▶ **Prompt**: A faithful, word-for-word copy of the records is required, and it must contain no pictures.

--- Given entries Enclosed Below ---

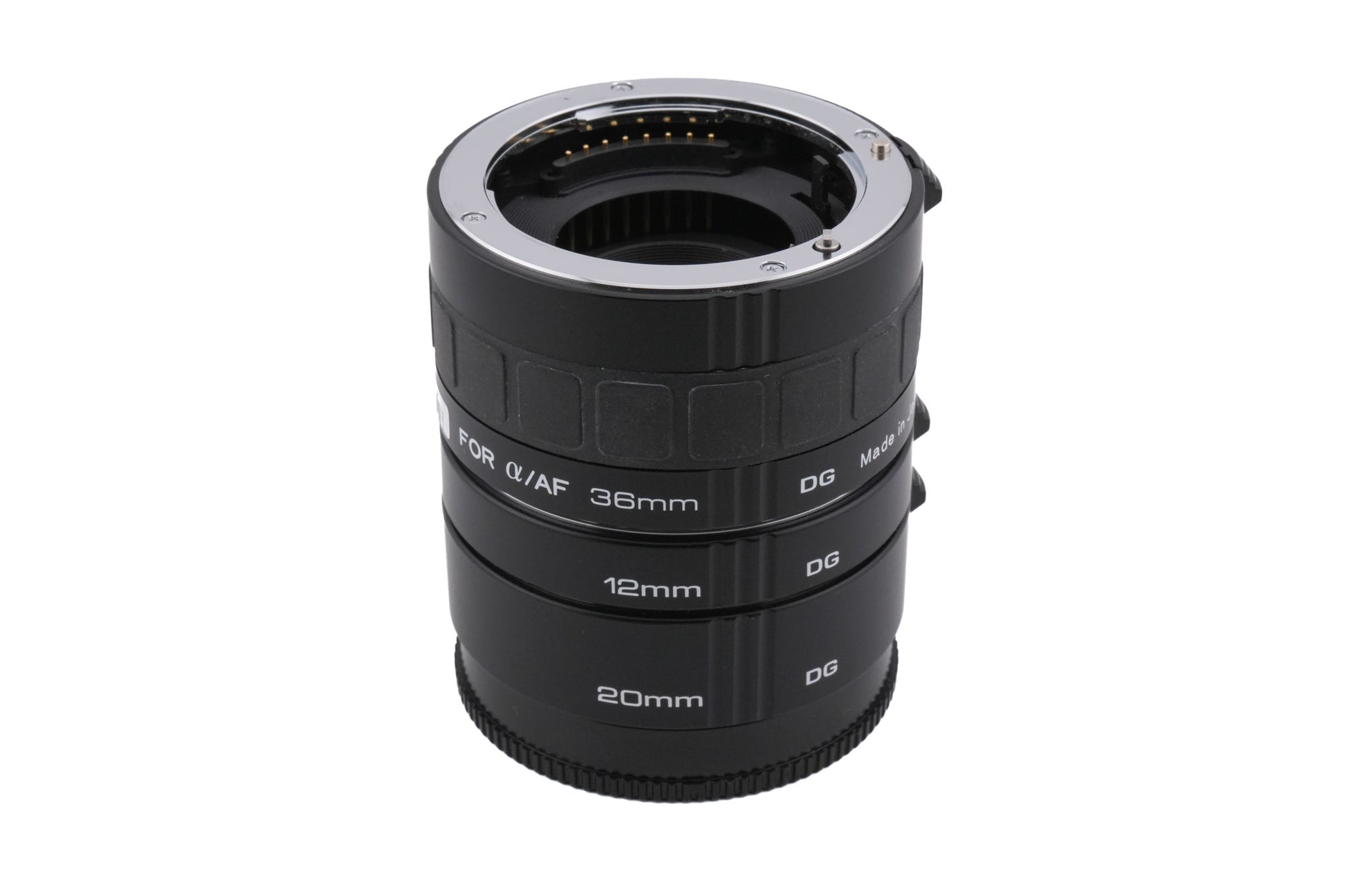AF extension tubes made by Kenko for Sony A-mount lenses. 12mm, 20mm, and 36mm tubes, which can be used in any combination or individually. Metal and plastic body available in black.
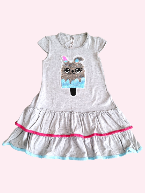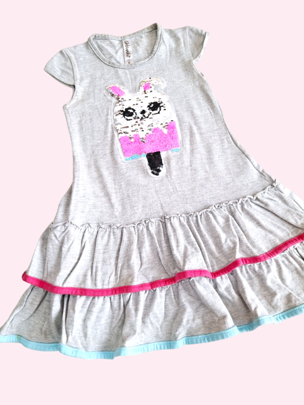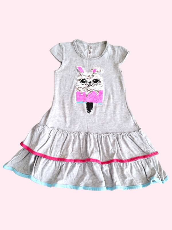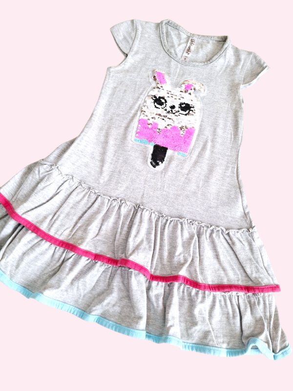 Vestido manga corta gris melange con estampa lentejuelas Urbanito 5/6 años
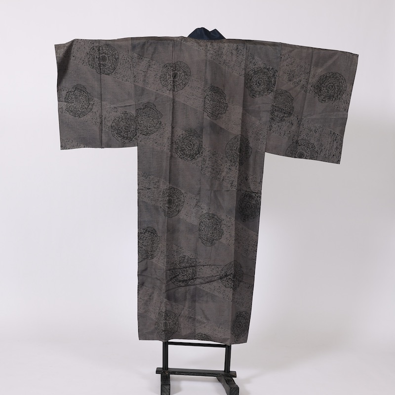 茶系のオシャレなお色にモダンな鏡柄を染めあげたお品になります。
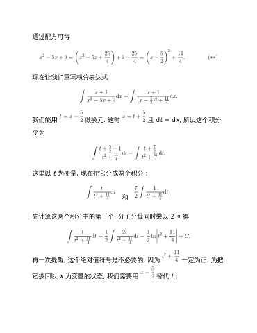 通过配方可得 现在让我们重写积分表达式 我们能用 做换元. 这时 且 dt = dx, 所以这个积分 变为 这里以 t 为变量. 现在把它分成两个积分: 和 . 先计算这两个积分中的第一个, 分子分母同时乘以 2 可得 再一次提醒, 这个绝对值符号是不必要的, 因为 一定为正. 为把 它换回以 x 为变量的状态, 我们需要用 替代 t:
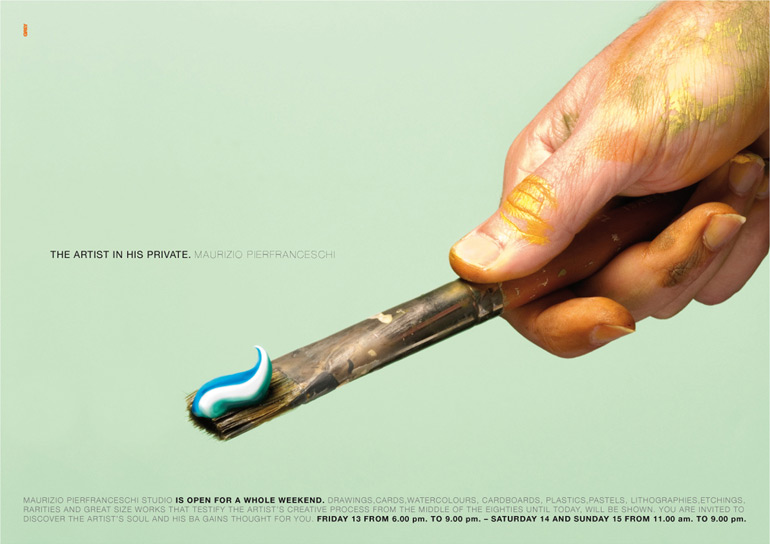 Агентство Grey: у художников особые зубные щеткиИтальянское рекламное агентство Grey, разработавшее этот плакат для галереи искусств Maurizio Pierfranceschi, открывает нам одну из сугубо конфиденциальных тайн художников: оказывается, что они настолько глубоко уходят в творческий процесс, что и зубы чистят кистью для краски.Надпись: "Художник в домашней обстановке. Maurizio Pierfranceschi." Агентство: Grey, Италия Главный творческий директор: Francesco Emiliani Арт директор: Daniele Freuli Копирайтер: Francesco Emiliani |
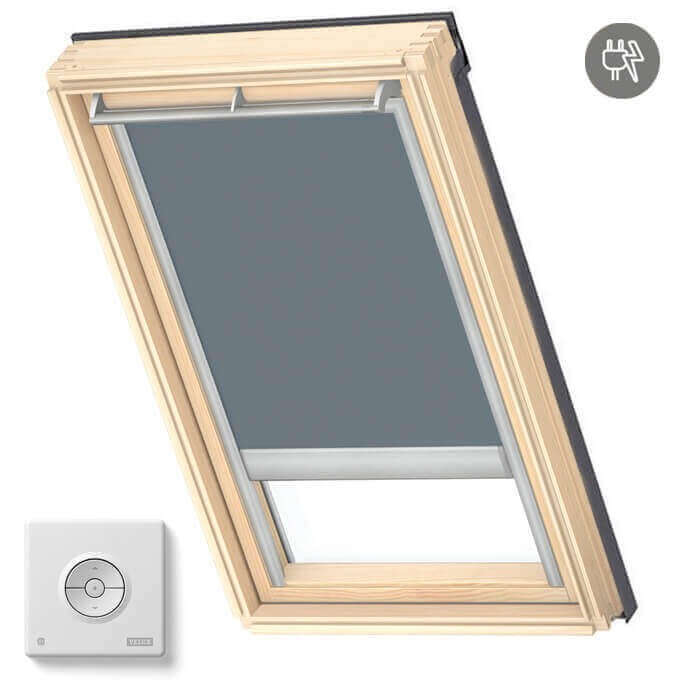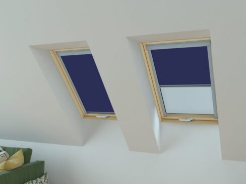- Roleta plisowana elektryczna VELUX FML – pozwala na zdalne sterowanie, idealna do trudno dostępnych okien.

--- End of Enclosed Given entries ---

▶ **Result**:
AF extension tubes made by Kenko for Sony A-mount lenses. 12mm, 20mm, and 36mm tubes, which can be used in any combination or individually. Metal and plastic body available in black.
 Vestido manga corta gris melange con estampa lentejuelas Urbanito 5/6 años
 茶系のオシャレなお色にモダンな鏡柄を染めあげたお品になります。
 通过配方可得 现在让我们重写积分表达式 我们能用 做换元. 这时 且 dt = dx, 所以这个积分 变为 这里以 t 为变量. 现在把它分成两个积分: 和 . 先计算这两个积分中的第一个, 分子分母同时乘以 2 可得 再一次提醒, 这个绝对值符号是不必要的, 因为 一定为正. 为把 它换回以 x 为变量的状态, 我们需要用 替代 t:
 Агентство Grey: у художников особые зубные щеткиИтальянское рекламное агентство Grey, разработавшее этот плакат для галереи искусств Maurizio Pierfranceschi, открывает нам одну из сугубо конфиденциальных тайн художников: оказывается, что они настолько глубоко уходят в творческий процесс, что и зубы чистят кистью для краски.Надпись: "Художник в домашней обстановке. Maurizio Pierfranceschi." Агентство: Grey, Италия Главный творческий директор: Francesco Emiliani Арт директор: Daniele Freuli Копирайтер: Francesco Emiliani |
- Roleta plisowana elektryczna VELUX FML – pozwala na zdalne sterowanie, idealna do trudno dostępnych okien.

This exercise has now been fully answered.